Computing AONR and EONR

Given that both models have identical fit, AIC and R-squares it is reasonable to instead apply model averaging to resolve this conflict. The AONR estimate for each model is simply the break-point, which is a parameter from the model. For LP it is 58 and for QP it is 86 . In order to compute the confidence intervals we could use the profile method or bootstrap. We choose the bootstrap method as it will be more generally applicable to other model fits later.

## Extract AONR for both models
AONR.LP <- round(coef(fm.LP)[3])
AONR.QP <- round(coef(fm.QP)[3])
### Confidence intervals for AONR estimates ###
fm.QP.bt <- boot_nls(fm.QP, R = 5e3, cores = 4)

## Number of times model fit did not converge 1266 out of 5000

fm.LP.bt <- boot_nls(fm.LP, R = 5e3, cores = 4)

## Number of times model fit did not converge 901 out of 5000

AONR.QP.ci <- confint(fm.QP.bt)

## Warning in confint.boot(fm.QP.bt): BCa method fails for this problem. Using
## 'perc' instead

AONR.LP.ci <- confint(fm.LP.bt)

## Warning in confint.boot(fm.LP.bt): BCa method fails for this problem. Using
## 'perc' instead

## Model averaging
prds.avg <- predict_nls(fm.LP, fm.QP, newdata = ndat, interval = "conf")
ndatA.avg <- cbind(ndat, prds.avg)

AONR.avg <- round(ictab$weight %*% c(coef(fm.QP)[3], coef(fm.LP)[3]))

prds.avg <- predict_nls(fm.LP, fm.QP, newdata = ndat, interval = "conf")
ndatA.avg <- cbind(ndat, prds.avg)

AONR.avg.ci <- confint(c(fm.QP.bt, fm.LP.bt)) 

## Warning in confint.boot(c(fm.QP.bt, fm.LP.bt)): BCa method fails for this
## problem. Using 'perc' instead

ggplot() + 
  geom_point(data = red, aes(x = Nrate, y = Yield_kgha)) + 
  geom_line(data = ndatA.QP, aes(Nrate, Estimate, color = "QP")) + 
  geom_line(data = ndatA.LP, aes(Nrate, Estimate, color = "LP")) +
  geom_line(data = ndatA.avg, aes(Nrate, Estimate, color = "avg")) + 
  geom_point(aes(x = coef(fm.LP)[3], y = 5000, color = "LP"), size = 2) + 
  geom_errorbarh(aes(xmin = AONR.LP.ci[3,1], xmax = AONR.LP.ci[3,2], y = 5000, color = "LP")) + 
  geom_point(aes(x = coef(fm.QP)[3], y = 4800, color = "QP"), size = 2) + 
  geom_errorbarh(aes(xmin = AONR.QP.ci[3,1], xmax = AONR.QP.ci[3,2], y = 4800, color = "QP")) +
  geom_point(aes(x = AONR.avg, y = 4600, color = "avg"), size = 2) + 
  geom_errorbarh(aes(xmin = AONR.avg.ci[3,1], xmax = AONR.avg.ci[3,2], y = 4600, color = "avg")) + 
  guides(color = guide_legend(title = element_blank())) + 
  theme_bw() + xlab("N (kg/ha)") + ylab("Yield (kg/ha)") + 
  ggtitle("Model averaging method")

Even though the differences are small, using model averaging better accounts for the uncertainty in the choice between the LP and QP models.

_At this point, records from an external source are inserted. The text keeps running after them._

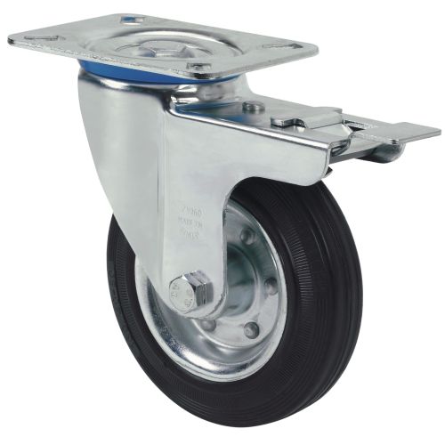 Rueda giratoria con freno platina 105x080mm 080kg cojinete rodillos disco metalico 080mm goma natural negra ruedas alex 2-2309
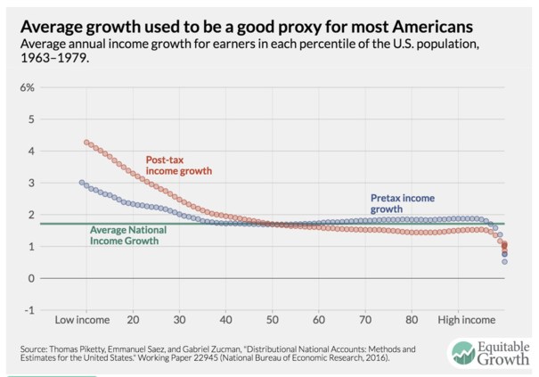 GDP is a measure of total income in a country. For at least the two decades before 1980, American median income grew about as fast as GDP and Americans below the median income saw faster growth than Americans who were richer than the median. Income growth was broadly shared and no class of Americans got poorer. The following graphs show the growth rate across the income distribution for all Americans. The median income had real growth of about 1.7% annually in the 1960s and 1970s which was also the growth rate of mean GDP (the green horizontal line).
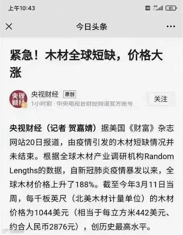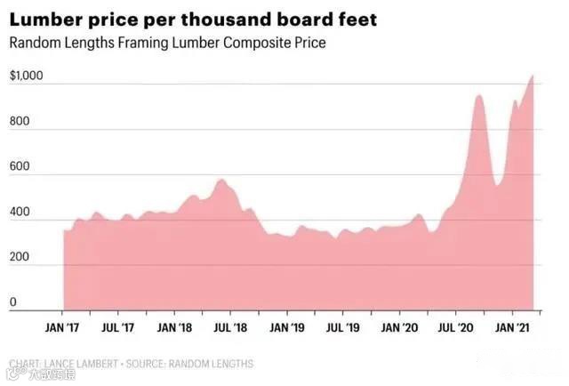 木材价格上涨,一方面是由于疫情限制措施降低了锯木厂的工作效率,导致木材供应量下降,而在隔离期间更多美国人对房屋进行装修,推高了对木材的需求。此外,低利率政策,加上现房库存不高,使得建筑商纷纷加紧建房,也导致木材紧缺问题更为严峻。
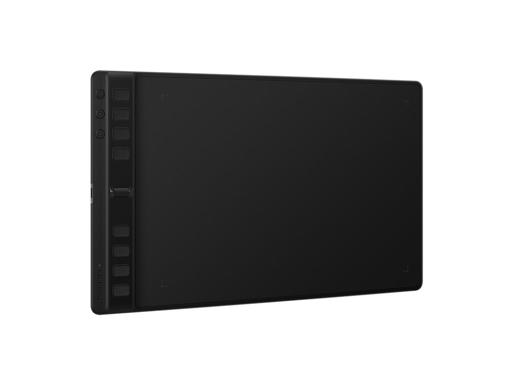 Společnost HUION se postarala o to, aby byl tablet pohodlný pro každého. Port USB-C je umístěn na levé straně a rozložení tlačítek a rolovací lišty je symetrické. Zařízení tak můžete snadno otočit o 180° a přizpůsobit nastavení své dominantní ruce. Podporuje také otočení o 90°, což ocení ti, kteří používají monitory v orientaci na výšku.
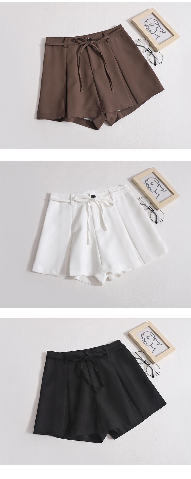 Nomikuma 因果レースアップスーツショーツ夏ボトムスウエストワイドレッグショート Feminimos Pantalones サマー 夏物 ブルマー ワイドパンツ
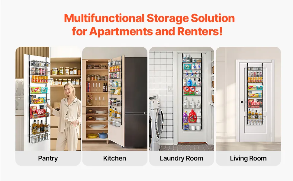 Questo organizzatore per spezie sospeso è versatile. Puoi usarlo come organizzatore per spezie sulla porta della cucina, come organizzatore per armadio in lavanderia o come organizzatore per dispensa sulla porta. Aggiunge spazio di archiviazione extra.
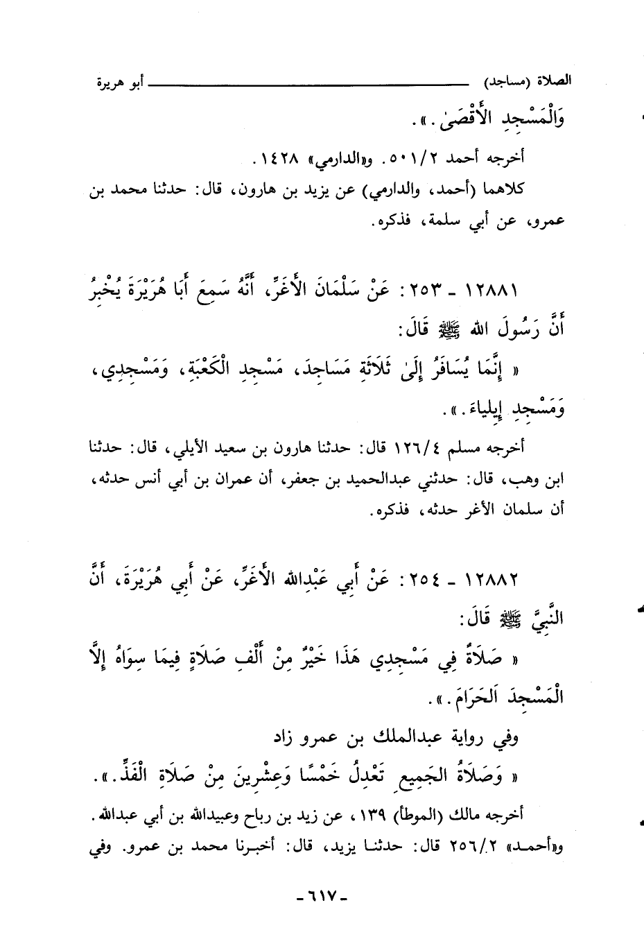 - لفظ الدارِمِي: " (لَا تُشَدُّ الرِّحَالُ إِلَاّ إِلَى ثَلَاثَةِ مَسَاجِدَ: الْكَعْبَةِ، وَمَسْجِدِي هَذَا، وَمَسْجِدِ الأَقْصَى.) ".

Similarly, by using bootstrap we can combine the uncertainty in the bootstrap samples from the two models and compute the 95% confidence interval for the AONR for the average model.

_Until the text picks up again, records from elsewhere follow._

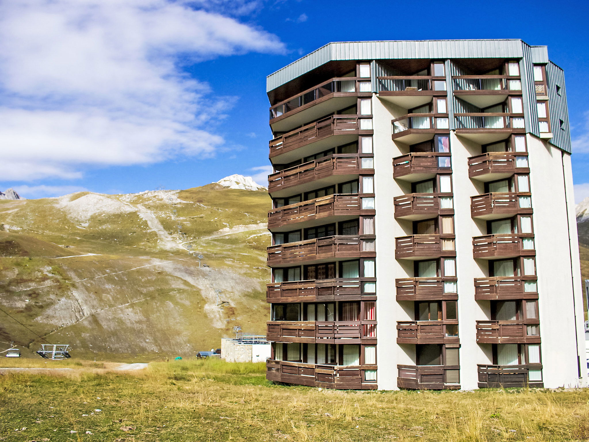 Tignes Val Claret: Residence "Le Prariond" - excellent location: central but quiet, right by the Tignes and Val d'Isère slopes, ski in ski out. Residence "Le Borsat (Val Claret)", 7 storeys. In the centre, in a sunny position in the residential district, 20 m from the skiing area. In the complex: lift, storage room for skis, central heating system. Shop 50 m, supermarket 500 m, restaurant 50 m, bus stop 500 m, indoor swimming pool 2 km. Skisport facilities 20 m, slopes 20 m, ski rental 50 m, ski bus stop 200 m, ski school 150 m, children's ski school 20 m, sled run 150 m. Nearby attractions: centre aquatique Le Lagon 2 km, Centre Sportif Tignespace 2 km. Well-known ski regions can easily be reached: Espace Tignes Val D'isère 10 m. Hiking paths: Parc Naturel Régional de la Vanoise 250 m. Please note: ski bus (free of charge).
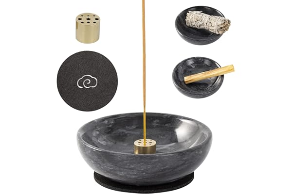 Beautiful Natural Marble Incense Burner for Meditation, 9 Incense Holes Suitable for Most Incense Types, Easily Grab All Incense Ash (Black)
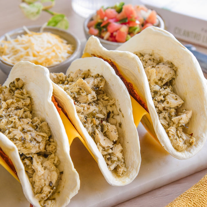 In an egglife wrap, add Kevin’s Cilantro Lime Chicken, avocado salsa, shredded cheese and pico de gallo! Repeat with remaining wraps and enjoy!
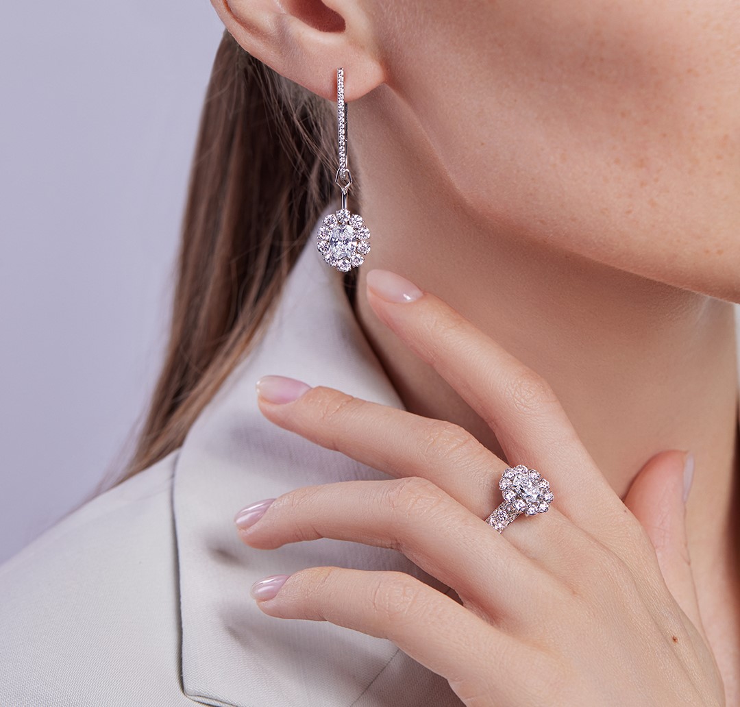 Второй акт полон магии и волшебства. Потянув секретный механизм на основании подвесных элементов, мы словно открываем таинственную шкатулку, и вынимаем из нее восхитительный цветок, в сердце которого сияет овальный бриллиант. Подобная трансформация меняет внешний вид драгоценности и вдохновляет на создание оригинальных образов. Бриллиантовое окружение центральных камней создает особую эстетику, подчеркивая статусность украшения и безупречный вкус своей обладательницы.

aonrs <- data.frame(model = c("LP", "QP", "avg"),
                  AONR = c(AONR.LP, AONR.QP, AONR.avg),
                  lower = round(c(AONR.LP.ci[3, 1], AONR.QP.ci[3, 1], AONR.avg.ci[3, 1])),
                  upper = round(c(AONR.LP.ci[3, 2], AONR.QP.ci[3, 2], AONR.avg.ci[3, 2])))
knitr::kable(aonrs, caption = "AONR and confidece intervals for LP, QP and average method") %>%
  kableExtra::kable_styling(full_width = FALSE)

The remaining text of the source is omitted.